Grenadiers of the Filles-Saint-Thomas Section are on duty there this day: men of Agio, as we have seen; with stuffed purses, riband-cockades; among whom serves Weber. A party of these latter, with Captains, with sundry Feuillant Notabilities, Moreau de Saint-Méry of the three-thousand orders, and others, have been dining, much more respectably, in a Tavern hard by. They have dined, and are now drinking Loyal-Patriotic toasts; while the Marseillese, National-Patriotic merely, are about sitting down to their frugal covers of delf. How it happened remains to this day undemonstrable; but the external fact is, certain of these Filles-Saint-Thomas Grenadiers do issue from their Tavern; perhaps touched, surely not yet muddled with any liquor they have had;—issue in the professed intention of testifying to the Marseillese, or to the multitude of Paris Patriots who stroll in these spaces. That they, the Filles-Saint-Thomas men, if well seen into, are not a whit less Patriotic than any other class of men whatever.

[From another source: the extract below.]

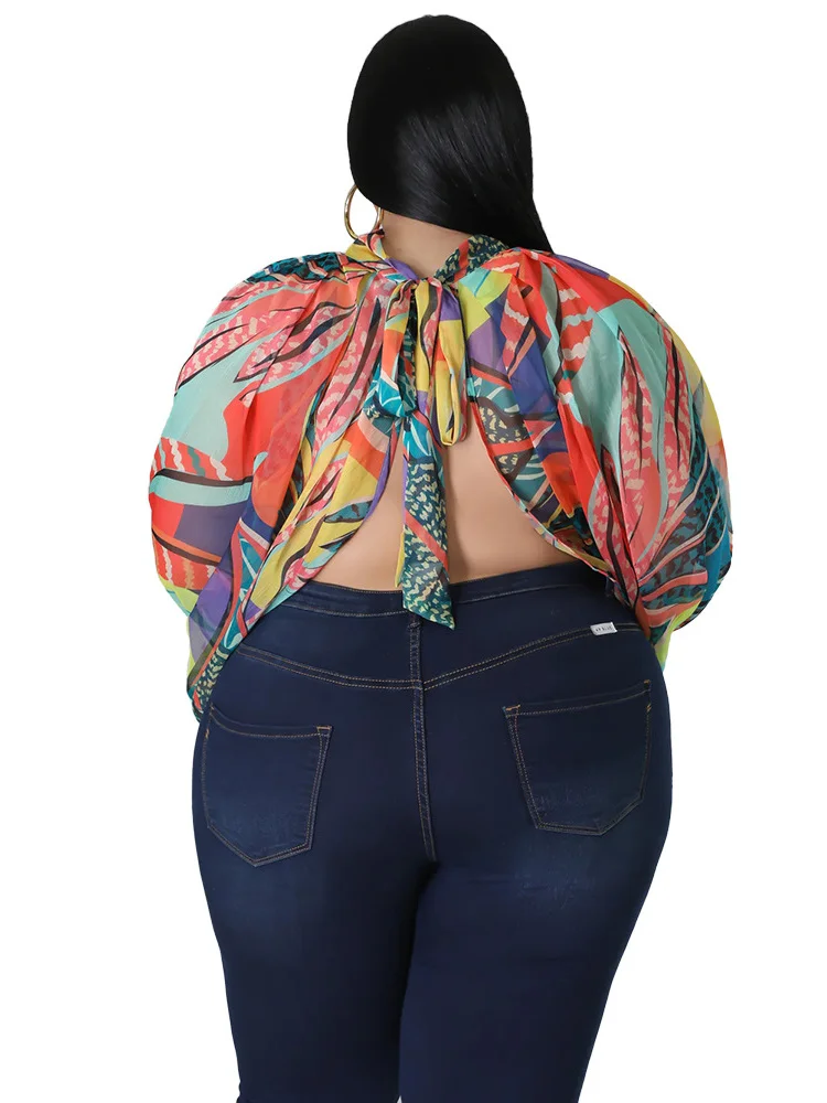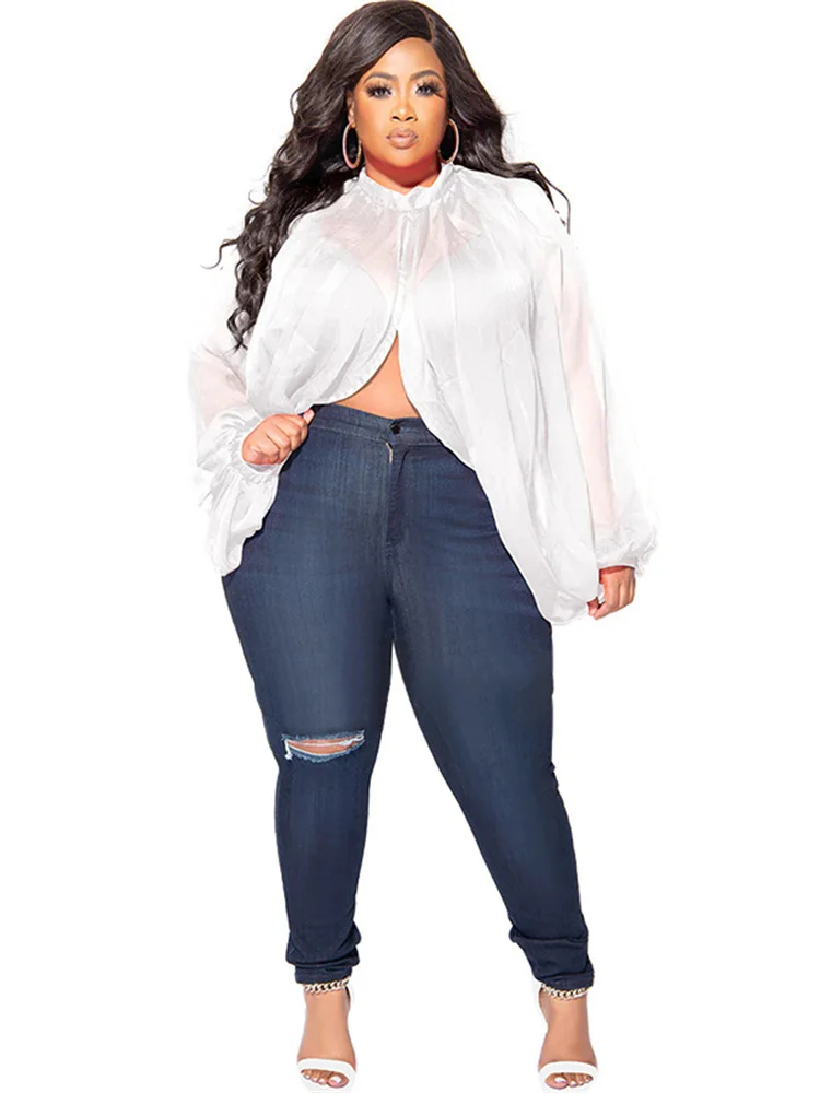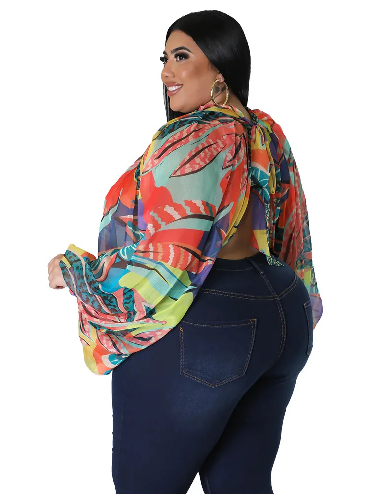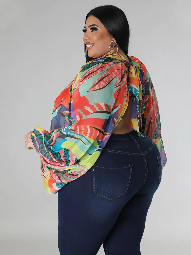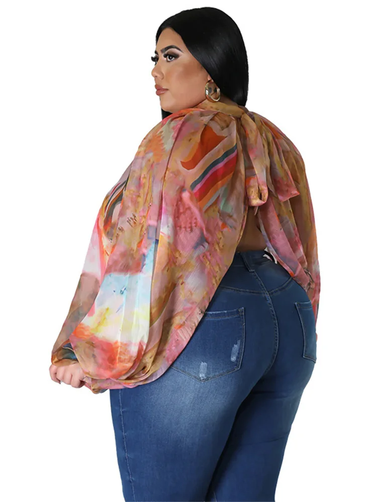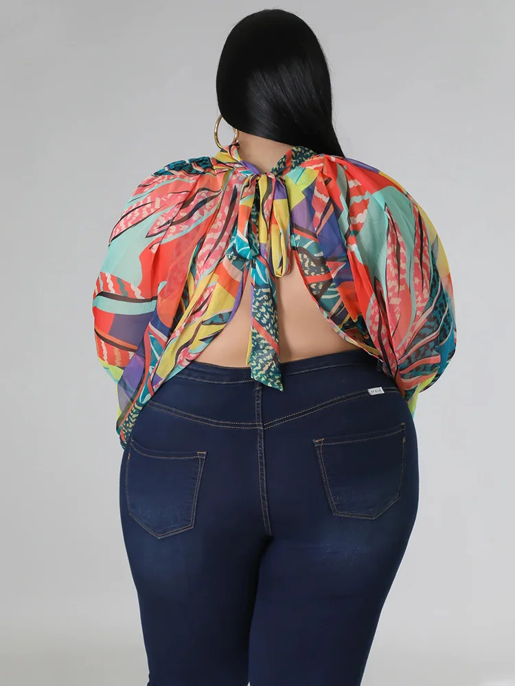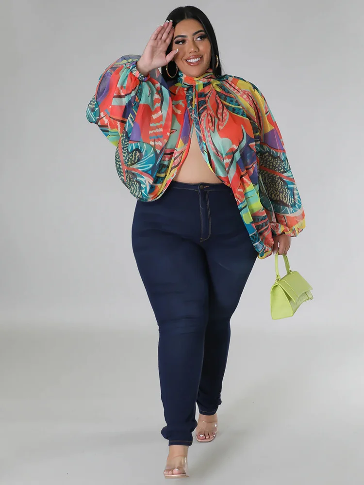 Wmstar Plus Size T-Shirts Print Women Tops Long Sleeve Open Loose Mesh See Through Sexy Chiffon Bulk

It was a rash errand! For how can the strolling multitude credit such a thing; or do other indeed than hoot at it, provoking and provoked?—till Grenadier sabres stir in the scabbard, and thereupon a sharp shriek rises: ^À nous, Marseillais, Help, Marseillese!' Quick as lightning, for the frugal repast is not yet served, that Marseillese Tavern flings itself open: by door, by window; running, bounding, vault forth the Five-hundred and Seventeen undined Patriots; and, sabre flashing from thigh, are on the scene of controversy. Will ye parley, ye Grenadier Captains and Official Persons; 'with faces grown suddenly pale,' the Deponents say?[1] Advisabler were instant moderately swift retreat! The Filles-Saint-Thomas men retreat, back foremost; then, alas, face foremost, at treble-quick time; the Marseillese, according to a Deponent, 'clearing the fences and ditches after them, like lions: Messieurs, it was an imposing spectacle.'

Thus they retreat, the Marseillese following. Swift and

  1. Moniteur, Séances du 30, du 31 Juillet 1792 (Hist. Parl. xvi. 197–210).